UDS invests significant resources, time, and energy into advising customers to make the right logistics decisions to ensure optimal efficiency and cost savings. The company’s leadership believes in harnessing the power of technology to customers’ advantage, making QSSI an ideal partner. Both our companies ultimately want to liberate clients from supply chain planning and execution, freeing up time and resources for them to focus on primary business functions: manufacturing, marketing, and sale of goods.

Fortune 500 manufacturers and retailers turn to UDS to solve logistics challenges, but so do designers wanting to move their well-structured start-ups to the next level. The company has collaborated for years with experts in warehouse material handling, engineering, and design. 

The goal is to leverage the latest technological development to raise customers to the next level of productivity and competitiveness.
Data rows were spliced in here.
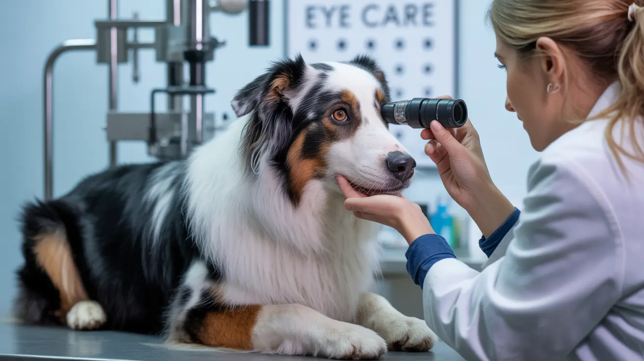 A veterinary professional performing an eye examination on an Australian Shepherd dog in a clinical setting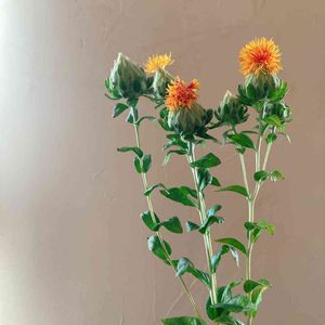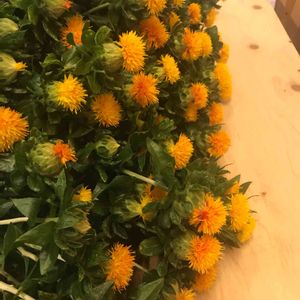 紅花☆ 紅花って和風なお花かと思ったけど、アーティチョークやオージープランツの様に個性派な外見です。凄くタイプ♡ オレンジ色の可愛いドライフラワーになるので2度嬉しいです♪しかも1本でこの本数、しかもめちゃ安い‼︎満点なお花です。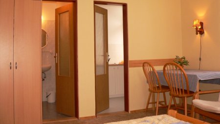 Apartmán je standardně vybavený (k dispozici jsou dvě samostatné postele, dvě křesla, stůl se židlemi, skříň). Součástí apartmánu je samostatná koupelna se sprchou a WC a samostatná kuchyňka.

QSSI followed a similar strategy when initiating discussions about the effectiveness of UDS processes related to warehouse management, execution, and controls.

To effectively leverage technology, we started by asking UDS pointed questions about their current WMS. Could it provide detailed answers to inquiries, like “How is handling different (or more difficult) this time?” We learned that critical information, such as the precise cost and time investment to fulfill an order, was absent from decision-making protocol.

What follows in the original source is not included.